UCLA is out of network for my insurance company, so I’d have to cough up 40% of the cost if they’re going to cover it at all. I’m okay with that. (For my overseas readers, welcome to U.S. health care systems!)

So that’s the latest and greatest. More to come, I’m sure.

Be well!

Watch “Biochemical Recurrence After Local Therapy: Assessment and Management” on YouTube

This is a really interesting (at least to me) video out of the University of California San Francisco (UCSF). Remember that UCSF and UCLA were the two institutions that did considerable work to get the Ga-68 PSMA PET scan approved by the Food and Drug Administration in December 2020.

First, at the 3:04 minute mark in the video, he presents the number of positive scans by PSA level. Interestingly, he references the same study I posted earlier. What differs in this presentation from the other one I posted is that this looks at PSA values <0.2 and from 0.2-0.49, whereas the other study just looked at positive scans for PSA values <0.5. However, something seems off between the two.

In the original study, it showed a positive detection rate of about 38% for PSA values <0.5. In this video, however, the chart appears to show a positive detection rate at the <0.2 PSA level somewhere north of 40%, and a positive detection rate at the 0.2-0.49 PSA level somewhere north of 50%. Perhaps he wasn’t all that skilled at making bar charts in PowerPoint, but something is amiss.

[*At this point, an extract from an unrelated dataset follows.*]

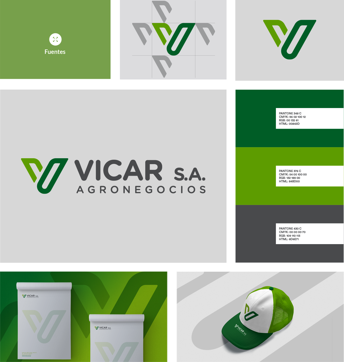 Una vez presentada la investigación, se pasó a la etapa gráfica. Los lineamientos del estilo visual fueron en línea con los colores que usa la industria agropecuaria para que quien vea el logo le remita a este rubro. El logo se centra en la letra V, sin necesidad de tanta simetría para mostrar una imagen bien orgánica que refleja un brote.
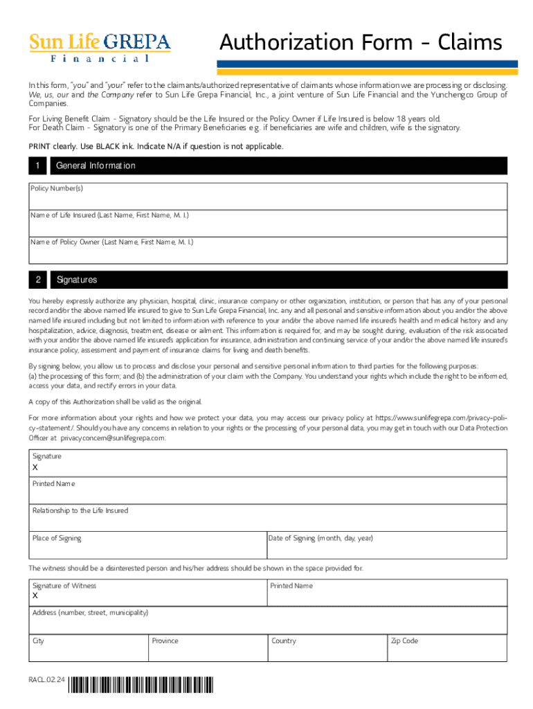 The Sun Life Grepa Authorization Form must be filled out by claimants and their representatives. It is particularly necessary in situations where personal information is required for insurance claims in the Philippines. This includes cases where additional medical information is involved or when a representative is filing on behalf of a claimant.

Where I’m encouraged is that it appears that they are, in fact, able to detect cancer at my PSA level or even lower. The only question is, at what rate? I’ll stick with the one in three value for now, which is still better than zero.

I did email one of the doctors on the team at UCSF, and his response was:

There are no guarantees, but there is a chance that a PSMA PET could detect a site of recurrence with a PSA of greater than 0.2. The chance of detection usually increases as the PSA goes up.

Not exactly a ringing endorsement of his own product, but I think that’s more to couch expectations because this is so new and even he is still trying to figure it out. (I admit, I was surprised that he even responded, so I’m thankful for that.)

I’ve got a good list of questions ready for my appointment on Tuesday, and I’m sure I’ll spend some of this holiday weekend adding to it and refining it.